The Difference Between a Commercial Loan Officer and the Bank Branch Manager

Article by Roger Schlueter, MBA

There is a Difference Between the Bank Branch Manager and a Commercial Loan Officer! Lots of Banks are having their Branch Managers do smaller Commercial Loans. This does not mean they are trained in Credit Analysis, Accounting, or Loan Structuring. They are just at the bank branch every day and they sometimes know their customers. They will be told what documents to ask the customer to provide and usually pass this information on to some other Officer or to “The Underwriter”, to hopefully get an answer in a month or two. They will usually say, “I need the underwriter to approve this loan”. I advise my clients to ask for a Commercial Loan Officer to talk about their loan. This will usually be a young, new loan officer but a loan officer just the same. The loan officer should have some lending experience, if only by seeing what other more experienced officers are bringing to the weekly loan meeting. They will also have access to other more senior officers that will sometimes give good advice. 

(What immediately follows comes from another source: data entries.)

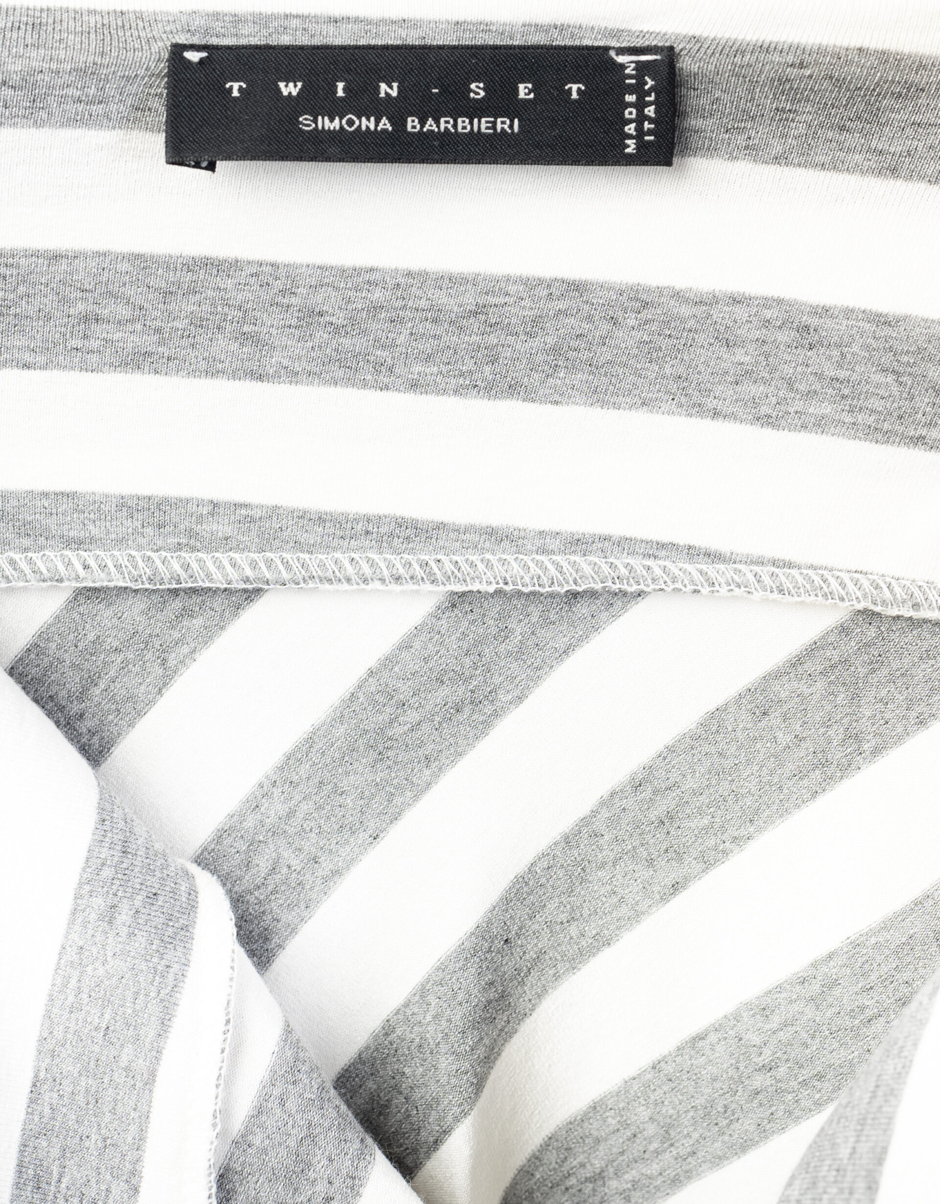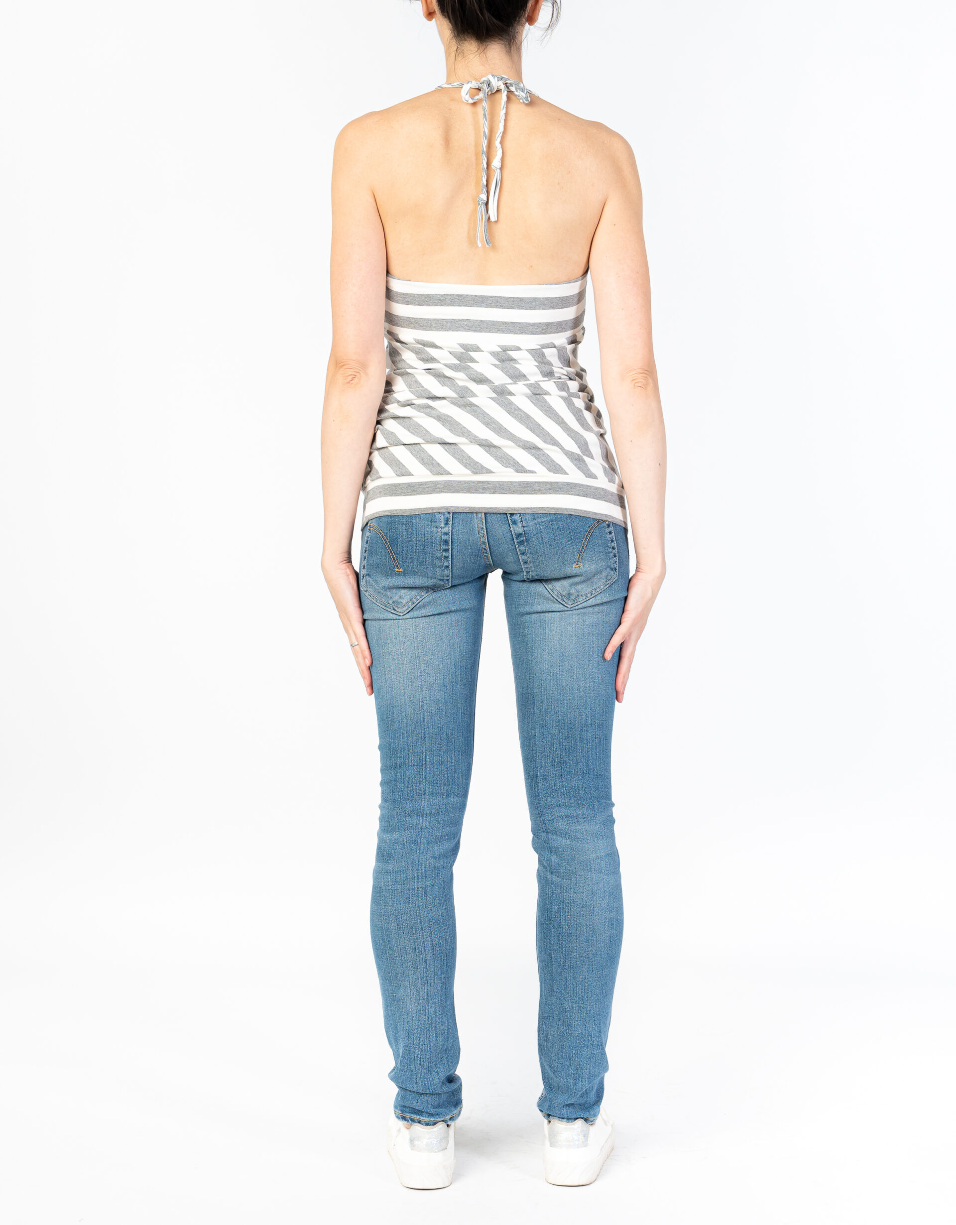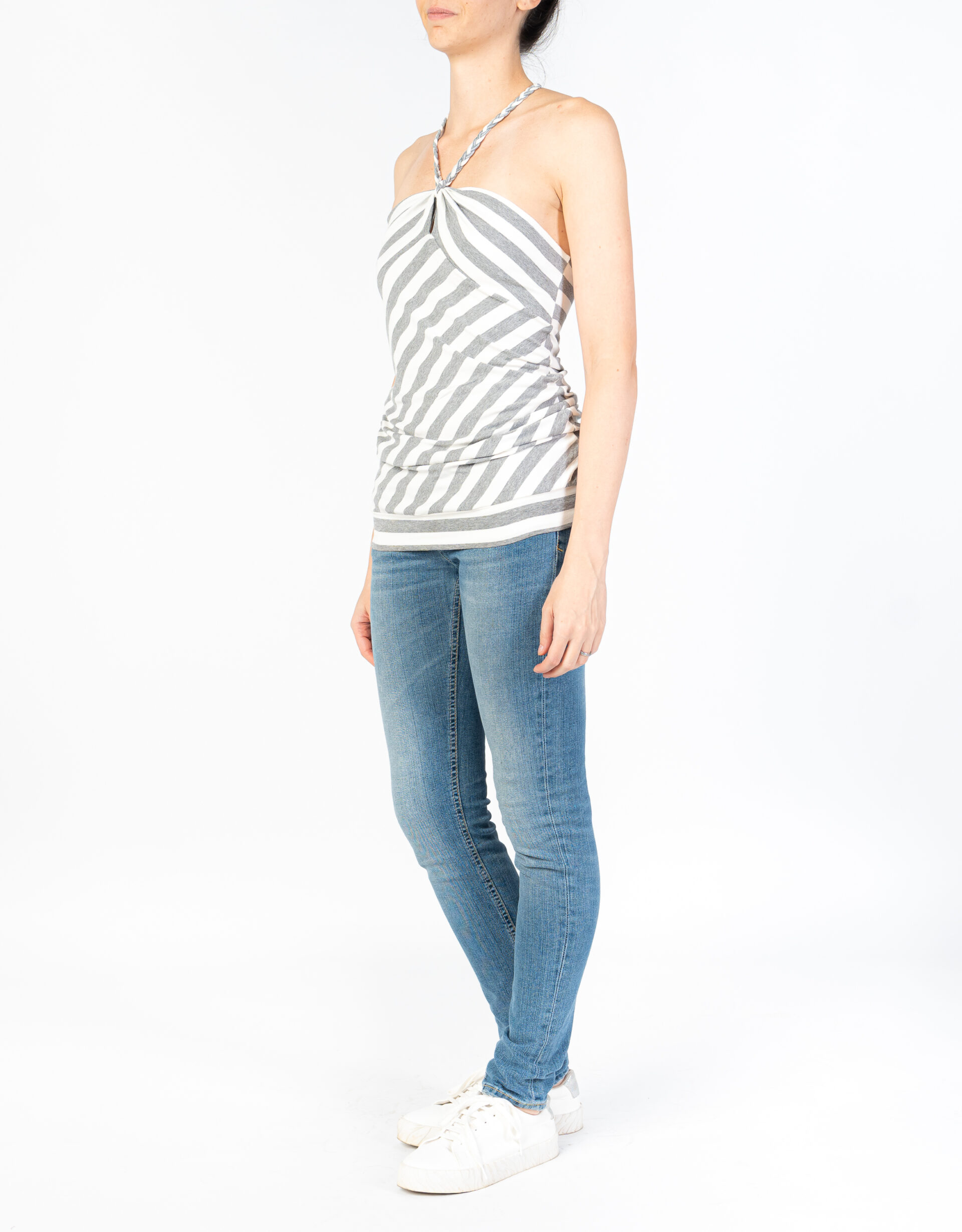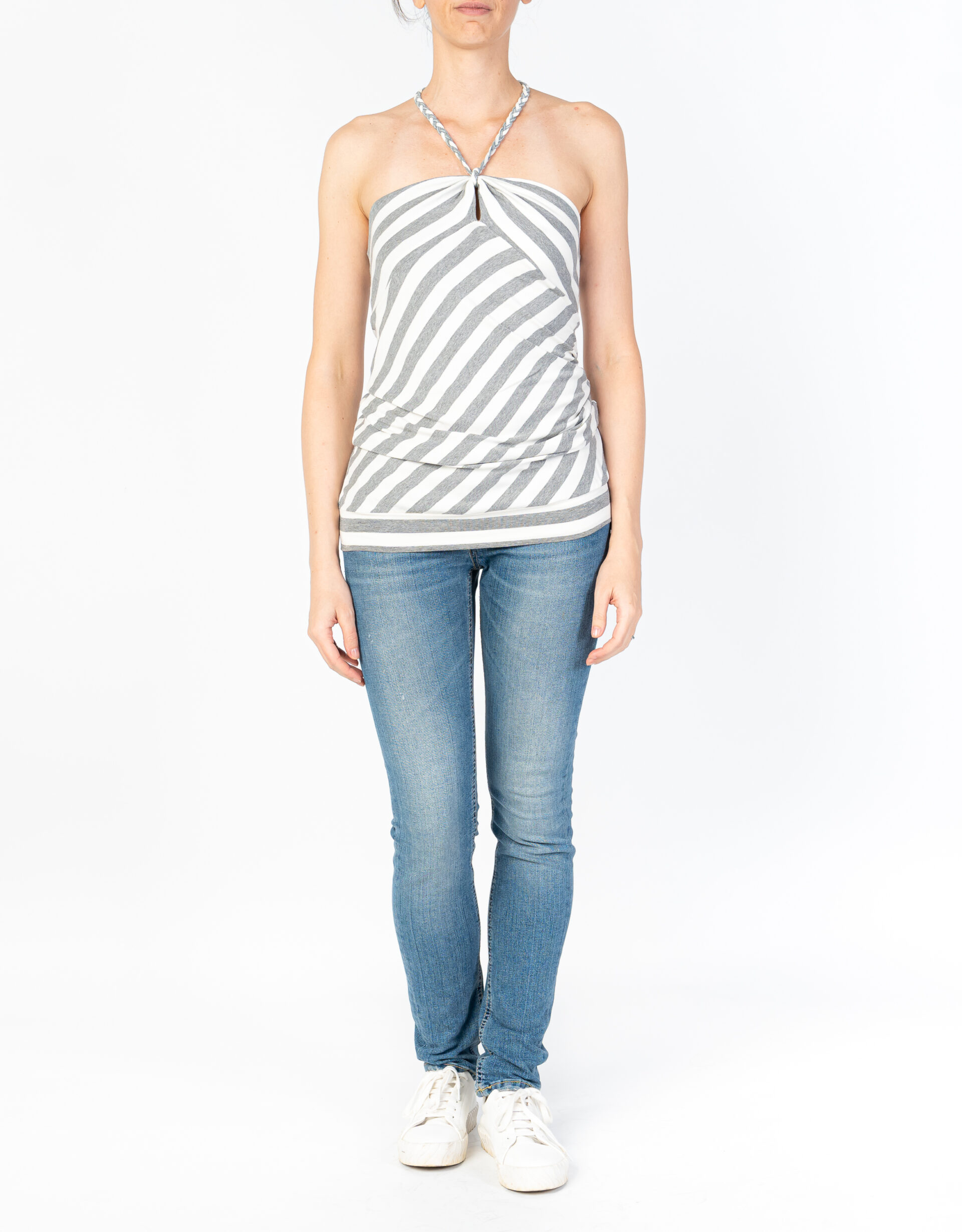 Top a righe trasversali, vestibilità boxy con polsino finale, senza maniche, con allacciatura all'americana a treccia
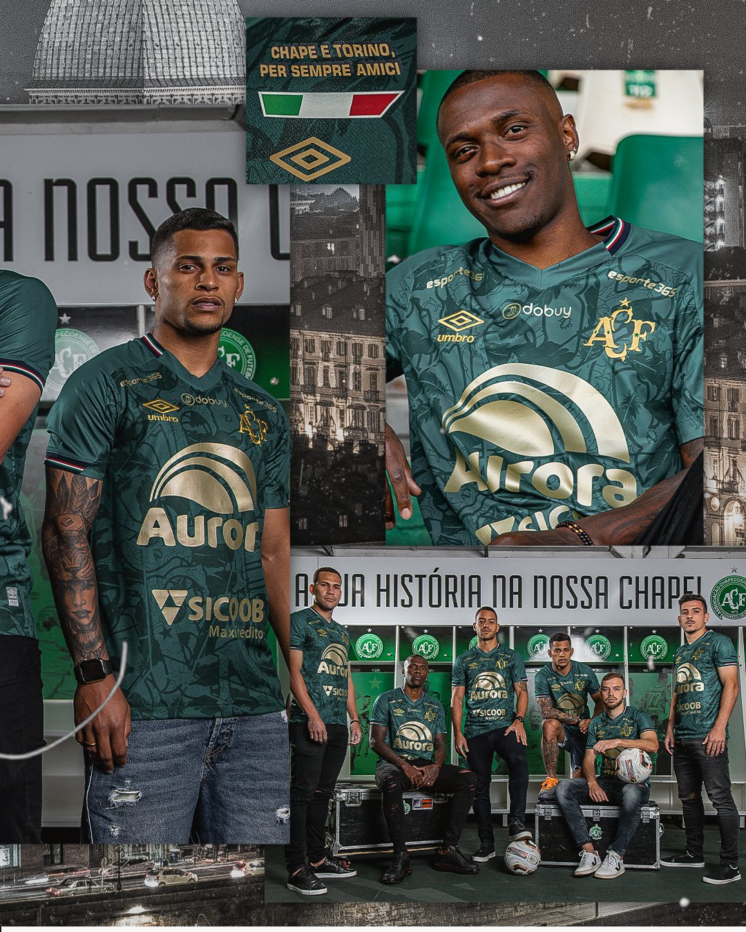 As part of Umbro’s new “Nations 2022” campaign, Brazilian side Associação Chapecoense de Futebol have a new green third shirt which celebrates ties with Italy.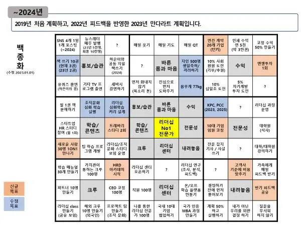 자발적으로 내 계획을 공유하면 나의 실행력이 올라간다는 것이죠. 그래서 작년에도 제 5개년 계획인 만다라트와 1년 계획인 OATE를 공유 했었습니다.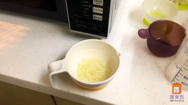 接著將紅蘿蔔、白蘿蔔切5mm厚,加入少許的水,放入微波爐微波。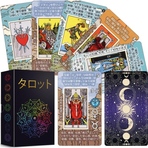 詳細に注意を払って作成されたタロットカード:各カードに異なる背景があり、それぞれのカードが風、火、水、土の要素に対応しています。さらに、裏面はカードの読み方に影響を与えないように、両側で対称的なデザインになっています。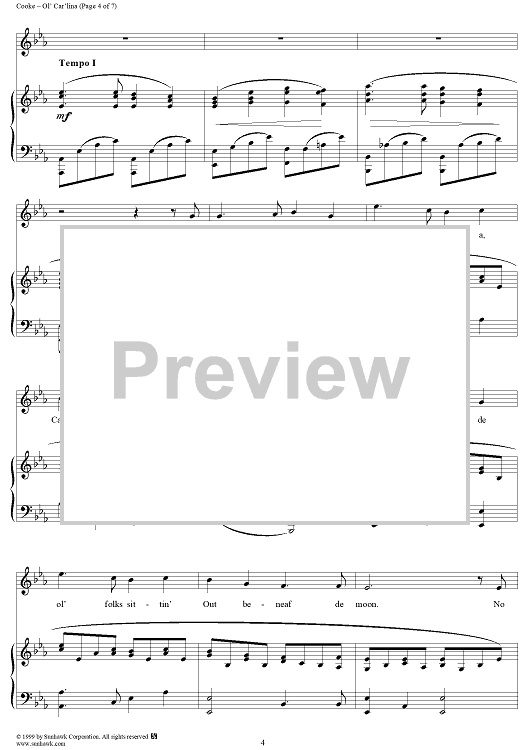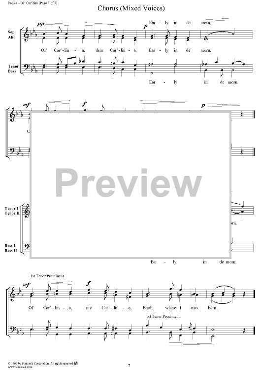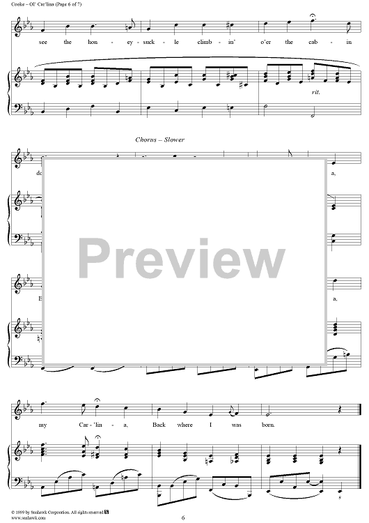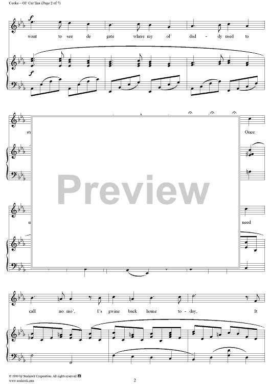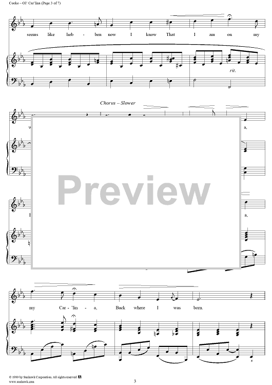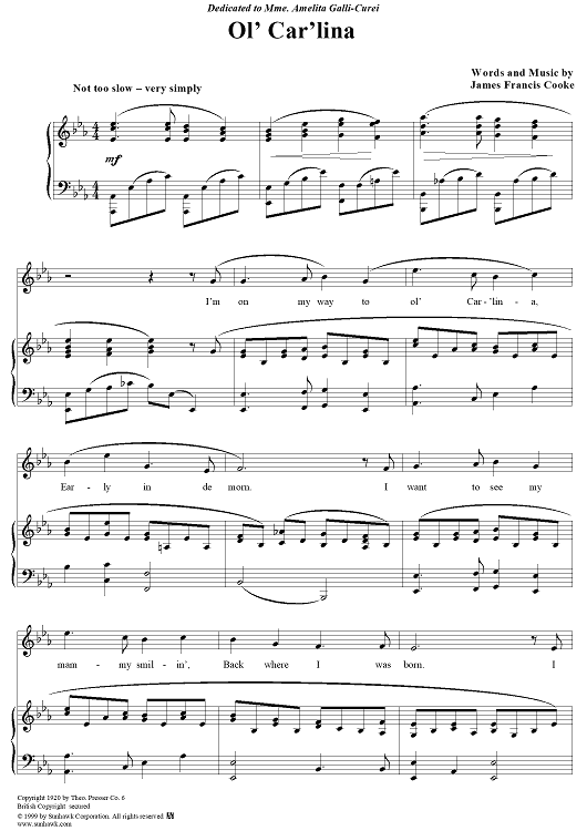 Digital Sheet Music for Ol' Car'lina by James Francis Cooke scored for Piano/Vocal; id:267480

I had many borrowers that come to my office looking for loans, grants or lower interest. Sometimes they are working with a Bank Manager on their loan request and do not want to look for another bank because their Bank Manage told them the bank will do the loan, they just need more time. After about three months or more, they are decimated to find out that their loan request has been Declined by the bank. That is when they give up or contact someone like me to help them put together a Bank Proposal that can be presented to the bank. An experienced Commercial Loan Officer can usually tell a borrower whether their bank will approve a loan. The trouble is that the bank is suppose to log in the request and then, if they want to decline the loan, they need to have supporting information like Credit Reports or all the information for a loan request. I worked for a bank that one of the senior loan officers told me, “if you want to decline the loan, run the credit first and see if you can decline because of credit”. This is fine for the bank that may not want to do small loan requests but the borrower does not get a fair shake in the analysis of their loan request.
What usually happens when the Bank Manager looks at a Commercial Loan is they end up passing this information on to a commercial loan officer who has no real interest in the borrower or the loan. The “Underwriter” is a fictitious person that the bank uses to put the decision out of the hands of the Manager or Officer. They usually do not exist in Commercial Lending unless you are dealing with a very large bank that is sending the loan off to another office to be approved. The “Underwriter”, came from the housing market. The Mortgage Company or bank needs to sell the home loan off to Fanny Mae or Freddy Mac and needs the approval of the “underwriter” of these organizations.
In Summary, always try to talk to a Commercial Loan Officer to finance a Business Loan. Have the Personal Banker or Bank Manager finance the Vehicle loan, boat, or home improvement but always talk to a Commercial Loan Officer for any Business Loan.